Страница 1 из 14
Сергей Никитин
Падучая звезда
Уродился юноша
Под звездой безвестною,
Под звездой падучею,
Миг один блеснувшею
В тишине небес.
I
В наступательных боях тысяча девятьсот сорок четвертого года рядовым пехотных войск принимал участие некто Митя Ивлев.

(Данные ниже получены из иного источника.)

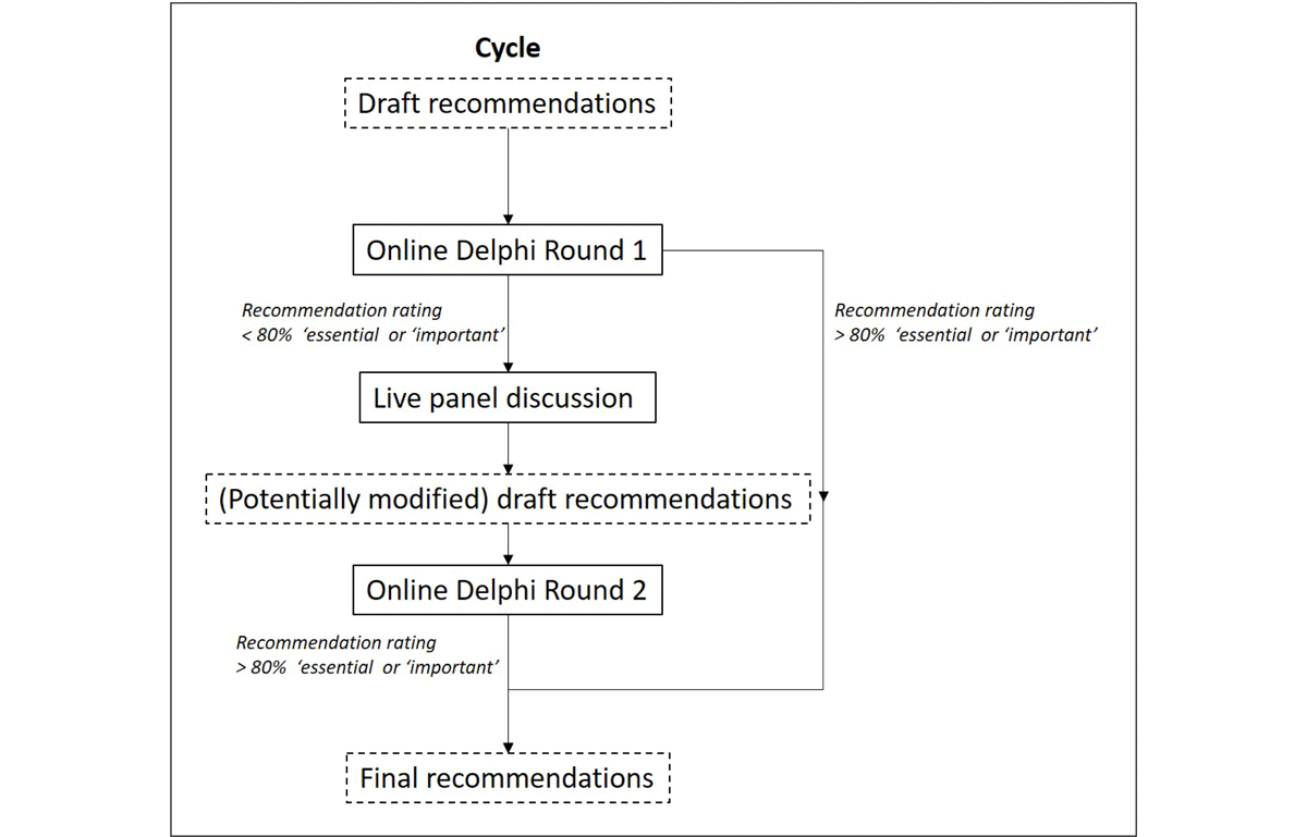 Next, we systematically collected expert input from a large stakeholder panel (partly overlapping with the initial group, see Defining research questions for systematic literature searches), including professionals, peer workers, and volunteers from academia, mental health care, prevention, youth work, and education (see Acknowledgements for a complete list). These stakeholders were selected based on their complementary forms of expertise: academic knowledge on child and adolescent development and mental health, practical experience from daily work with young people in clinical, educational, and community settings, and lived experience through peer workers who understand firsthand the challenges young people face. Together, this spectrum of expertise ensured that the guidance was developmentally appropriate, contextually grounded, and sensitive to real-world experience. We formalized this step using a modified Delphi consensus method (Fitch et al., 2001; Hasson et al., 2000; Murphy et al., 1998). Panel members received the preliminary guidelines and completed an online survey on the draft recommendations. The Delphi process consisted of two rounds with a live panel discussion in between. Recommendations were presented in two cycles (two-week interval) for practical reasons (see Figure 1). In the first round, panel members rated each recommendation on a 5-point scale (“essential”, “important”, “I don’t know/doubtful”, “not important”, or “do not retain”) and could justify their rating or suggest changes. They could also propose new recommendations if they identified gaps. Before the live discussion, members received anonymized feedback comparing their responses with panel-wide results. Consensus was defined as ≥80% rating a recommendation as “essential” or “important”.
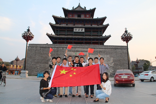 大眾網聊城記者站的全體同事來到光岳樓前,和國旗合影,為中國點贊!
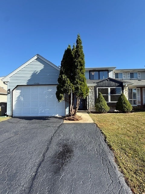 Don't miss this beautifully updated and rarely available 4 bed, 1.1 bath end unit duplex - with no monthly association! Open concept main level with a fully renovated kitchen with new cabinetry, quartz counters, ss appliances, custom tiled backsplash and new LVP flooring that extends throughout the main level. Sliders off the kitchen lead to a large fully fenced yard with private patio that's perfect for family gatherings, pets or outdoor entertaining. Spacious living room with custom feature wall and separate dining area. Upstairs are 3 sizeable bedrooms including a spacious primary bedroom with a stunning feature wall and dual closets, a renovated full bath with walk-in shower and conveniently located 2nd level laundry. Attached garage and ample driveway parking. All new cabinets/vanities, appliances, flooring, lighting and paint throughout. Tucked into a quiet subdivision yet just minutes to shopping, dining, schools, parks - and a quick commute to I90 and the Metra. This move-in ready home offers style, function and value at an affordable price!
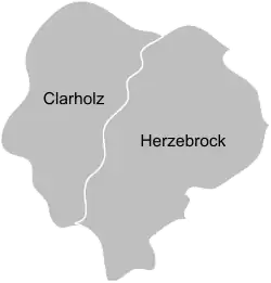 Nach § 3 der Hauptsatzung gliedert sich die Gemeinde in die beiden Ortschaften Herzebrock (10.448 Einwohner) und Clarholz (6.440 Einwohner) (Stand: 1. Januar 2022[6]), die den beiden ehemaligen Gemeinden entsprechen, aus denen die heutige Gemeinde 1970 gebildet wurde.

Был июль, ночь. В сосновом лесу позади окопов стояла гулкая, как в пустом храме, тишина. Сняв каску, Митя положил голову на бруствер и смотрел на верхушки сосен, плоско и четко, словно аппликации, чернеющие на фоне неба. Случались у него в детстве минуты, когда, разглядывая голубые жилки на своих руках или слушая стуя своего сердца, он вдруг волнующе и странно удивлялся тому, что все это именно он – несомненный, живой и, разумеется, вечный в будущем мальчик Митя. И сейчас, слушая эту смущающую своей необычностью тишину, глядя на небо, виновато и грустно помаргивающее редкими звездами, он так же был наполнен этим странным ощущением своего присутствия в поднебесном мире. Вот холодок тумана на лице, смолистый запах леса, покалывающе глубокий вдох… И, боже мой, неужели есть границы его, Митиного, «я», втиснутого в маленький индивидуальный окопчик, неужели может без следа исчезнуть все, чем уже наполнено оно за восемнадцать лет?!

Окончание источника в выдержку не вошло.